Et là, à Tuticorin, j’ai enfin trouvé un endroit où le type disait clairement que la chambre coûtait 120 roupies, mais qu’il n’en avait plus. J’ai lâché du lest, il a pris dans la figure toutes les critiques sur les indiens que j’avais pu emmagasiner durant cette dernière heure. Il a pourtant compris que je suis un gentil, lui aussi en est un, mais il a des ordres. Il saisit son téléphone, appelle un type, un chef ou je ne sais qui, discute plusieurs minutes. Puis il me dit : voilà il y a une chambre maintenant. J’hallucine, la chambre était large, d’une propreté étonnante, pour le moins cher que j’aie jamais payé! Sans commentaires.

Sur cette côte, plus on avance vers le sud, plus il y a d’églises et de communautés catholiques. Beaucoup de villages ont été des missions où portugais, français, danois, anglais se succédèrent. Un jour je vois au loin un village, peut-être dix mille habitants, et pas moins de quatre clochers en vue! En fait, il y a même cinq églises de taille assez importante. Je décide donc d’entrer dans ce village, qui s’avère être un lieu de pèlerinage chrétien, pour plusieurs raisons. Je ne tardai pas à comprendre que St-Xavier (qui n’était pas encore saint à son époque, puisqu’on le devient généralement après la mort) avait vécu là il y a 400 ans. Une grande église lui est consacrée en haut d’une dune qui surplombe le village de pêcheurs, et une grande croix en bois renferme un fragment de la véritable croix sur laquelle notre ami Jésus se serait fait clouer!
Alors que le soleil décline, je me dis que c’est l’occasion ici d’aller dormir dans une église. En effet, je suis (parait-il) chrétien, et dans mes voyages j’ai été accueilli dans des mosquées ou des temples hindous, mais jamais dans une église! Puis, je rencontre Ananth, un jeune de mon âge très gentil qui m’invite spontanément à rester chez lui, où il vit dans une charmante petite maison avec sa grand-mère. Alors ce ne sera pas pour ce soir l’église! Il doit faire un travail et nous nous retrouverons le soir plus tard.
Je me promène dans les rues, je parle à quelques enfants joyeux et curieux. Quand je leur dis mon prénom, ils n’en croient pas leurs oreilles et en sont d’autant plus joyeux. Un étranger dans le village de St-Xavier, et qui s’appelle Xavier en plus!

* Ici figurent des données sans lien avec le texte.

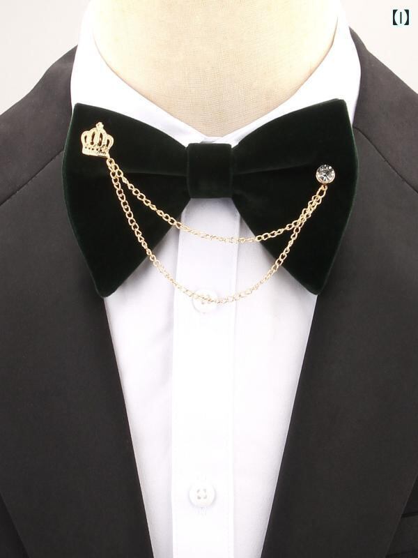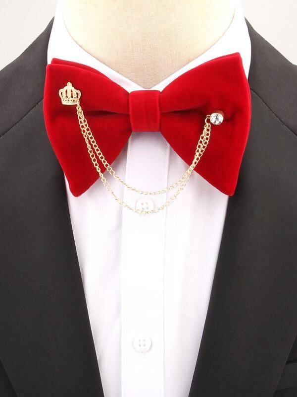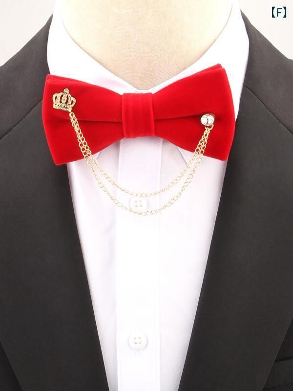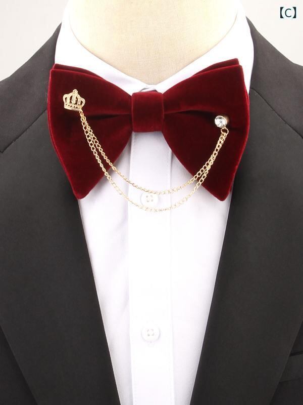 蝶ネクタイ ボウタイ 男性用 メンズ ベルベット ベロア ダブルレイヤー 金属チェーン付き 無地 ラインストーン ジルコニア装飾 高級感 エレガント 結婚式 披露宴 宴会 パーティー フォーマル スーツ 礼服

Le bouche à oreille est allé à une allure impressionnante. Et lorsque nous passerons dans d’autres ruelles pour rejoindre des amis d’Ananth ce soir, des centaines d’enfants que je ne connais pas et qui m’observent dans les rues avec de grands sourires prononcent mon prénom à tout va. Et ce n’est pas tout, à mon passage, j’entends que l’on murmure mon prénom, que mêm les adultes parlent de moi, «regarde, c’est le fameux Xavier qui passe, c’est donc vrai ce que disent les enfants» doivent-ils se dire en tamoul que je ne comprends pas. Les gens savent déjà qui je suis dans tout le village, ça fait presque peur. Je suis peut-être comme un messager, un signe quelconque. Xavier vient voir son ancêtre...
Deux-trois mots sur Saint-Xavier : C’est un type assez connu en Inde, car il a fait beaucoup pour les indiens. En fait, il s’appelait Francisco et il est né dans le village de Javier (Xavier) en Espagne. Il voyagera en Inde puis s’installera dans la colonie portugaise de Goa. Il fit de nombreux voyages en Inde et en Chine où il mourut, mais son cœur (et son corps d’ailleurs) est conservé à Goa. Allez, je vous laisse lire sur Wikipédia, ce sera mieux expliqué.

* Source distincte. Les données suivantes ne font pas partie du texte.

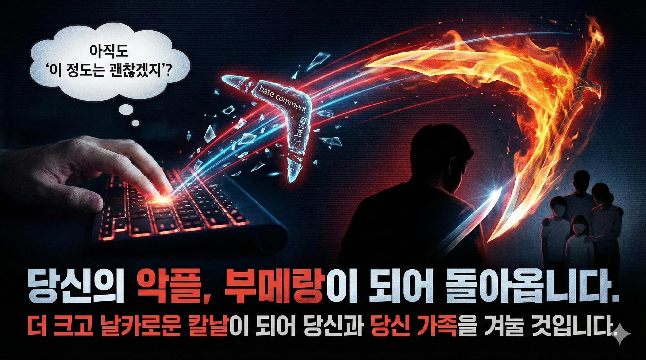 아직도 이 정도는 괜찮겠지 라는 생각으로 키보드 위에 손을 올리고 있습니까? 당신이 쓴 글은 부메랑이 됩니다. 반드시 돌아옵니다. 더 크고 날카로운 칼날이 되어 당신과 당신 가족의 목을 겨눌 것입니다.

Le soir, nous allons boire un coup avec les amis d’Ananth. Mais boire un coup, c’est pas très joli-joli en Inde. C’est très mal vu, quelle que soit sa religion, de boire, en Inde. Les femmes ne boivent d’ailleurs jamais. Et c’est simplement pour la raison qu’ici, il n’y a pas de petit apéro en terrasse, ou de bon vin pour le diner. L’alcool ici ne sert qu’à se saouler. Alors aller boire un coup, ça signifie en gros aller se saouler. Et les mecs le font très bien, ils essaient de la cacher même, mais ça se voit. Il n’est possible de se procurer de la boisson que dans des ‘‘wine shop’’ officiels. Et ce soir, mes nouveaux amis ont été acheter des petites bouteilles de Brandy, et de la bière pour moi, car je leur ai dit que je n’aimais pas le whisky, enfin en tout cas pas leur truc dégueulasse qu’ils ont en Inde. D’ailleurs, je n’aimerai pas leur bière non plus, car en plus de n’être pas très bonne, elle est chaude. Je l’ai dit, l’alcool ici est un problème de saoulerie.

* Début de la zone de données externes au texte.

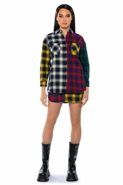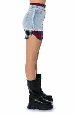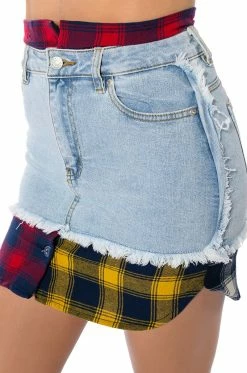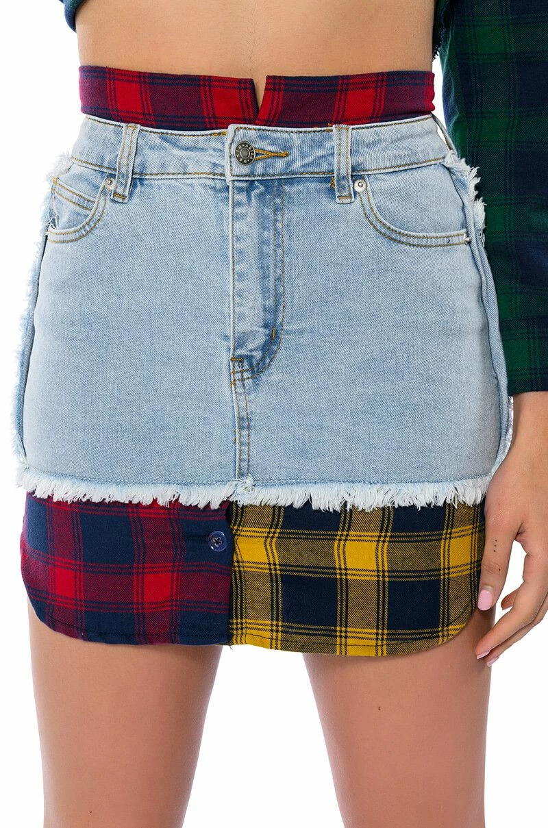 Autumn ready, The AKIRA Label Marianna Plaid Detailed Mini Skirt is made from a washed denim fabrication base and features a high rise waist, working belt loops, a five-pocket design, distressed trim detailing, a mini length silhouette and colorblock flannel shirt paneling along the waist and hem. Complete with a button and zipper front closure. Pair this piece with the coordinating AKIRA Label Marianna Multi Colored Plaid Shirt to complete your look.

Alors où va-t-on ce soir pour boire? Mais chez notre ami le prêtre bien sûr! Il a une grosse maison un peu à l’écart du village, une belle petite voiture, et quelques bagues en or, et il aime bien que les jeunes viennent profiter de son toit pour boire.
Alors il y a Ananth et ses amis, nous sommes présentés. Je ne lui ai dit qu’une dizaines de mots basiques concernant mon voyage, car il ne parle pas super bien anglais (pour changer). Mais ça n’empêche, les indiens aiment raconter. Et alors lorsque je lui dis trois mots, il traduit pendant dix minutes à ses amis, en brodant je ne sais quoi. Franchement, ils doivent en inventer de bien bonnes sur moi, parce qu’ils en disent des choses sans savoir! Ça m’amuse. Avec deux trois mots que je comprends parfois, j’imagine l’histoire qu’il raconte, je saisis bien qu’il l’a transformée sans le savoir.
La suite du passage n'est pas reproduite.